**WHAT IS BEING ASKED**
Two lines mark the range in the entries below: the one holding "يدعون من دون" and the one holding "A modern geometric". Set down those two and all lines between them, exactly.

**SUPPLIED RECORDS**
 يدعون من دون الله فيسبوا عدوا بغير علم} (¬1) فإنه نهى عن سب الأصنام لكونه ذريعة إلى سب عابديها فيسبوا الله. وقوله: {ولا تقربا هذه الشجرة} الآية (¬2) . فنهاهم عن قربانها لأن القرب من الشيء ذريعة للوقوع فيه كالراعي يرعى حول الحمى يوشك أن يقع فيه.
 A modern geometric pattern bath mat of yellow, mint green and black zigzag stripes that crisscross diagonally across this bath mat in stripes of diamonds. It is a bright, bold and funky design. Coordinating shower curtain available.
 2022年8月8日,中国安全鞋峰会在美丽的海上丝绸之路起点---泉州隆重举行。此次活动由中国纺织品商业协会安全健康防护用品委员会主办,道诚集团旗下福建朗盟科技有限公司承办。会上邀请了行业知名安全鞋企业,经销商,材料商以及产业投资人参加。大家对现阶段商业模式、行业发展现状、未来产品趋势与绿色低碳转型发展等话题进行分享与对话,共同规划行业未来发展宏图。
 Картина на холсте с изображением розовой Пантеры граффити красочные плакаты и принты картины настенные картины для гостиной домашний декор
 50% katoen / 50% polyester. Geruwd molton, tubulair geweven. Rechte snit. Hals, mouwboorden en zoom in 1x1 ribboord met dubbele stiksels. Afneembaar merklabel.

...

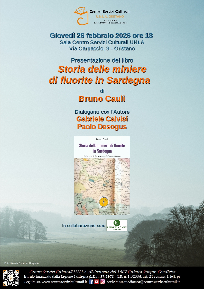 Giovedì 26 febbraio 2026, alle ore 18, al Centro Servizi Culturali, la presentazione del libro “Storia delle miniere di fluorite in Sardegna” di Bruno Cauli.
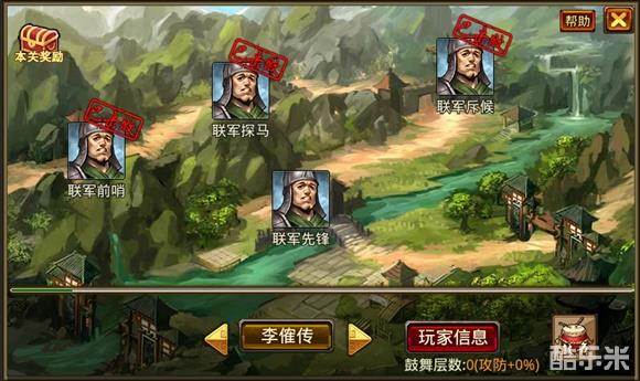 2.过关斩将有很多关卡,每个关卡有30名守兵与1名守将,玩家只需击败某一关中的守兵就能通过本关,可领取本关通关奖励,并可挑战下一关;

**REPLY**
 يدعون من دون الله فيسبوا عدوا بغير علم} (¬1) فإنه نهى عن سب الأصنام لكونه ذريعة إلى سب عابديها فيسبوا الله. وقوله: {ولا تقربا هذه الشجرة} الآية (¬2) . فنهاهم عن قربانها لأن القرب من الشيء ذريعة للوقوع فيه كالراعي يرعى حول الحمى يوشك أن يقع فيه.
 A modern geometric pattern bath mat of yellow, mint green and black zigzag stripes that crisscross diagonally across this bath mat in stripes of diamonds. It is a bright, bold and funky design. Coordinating shower curtain available.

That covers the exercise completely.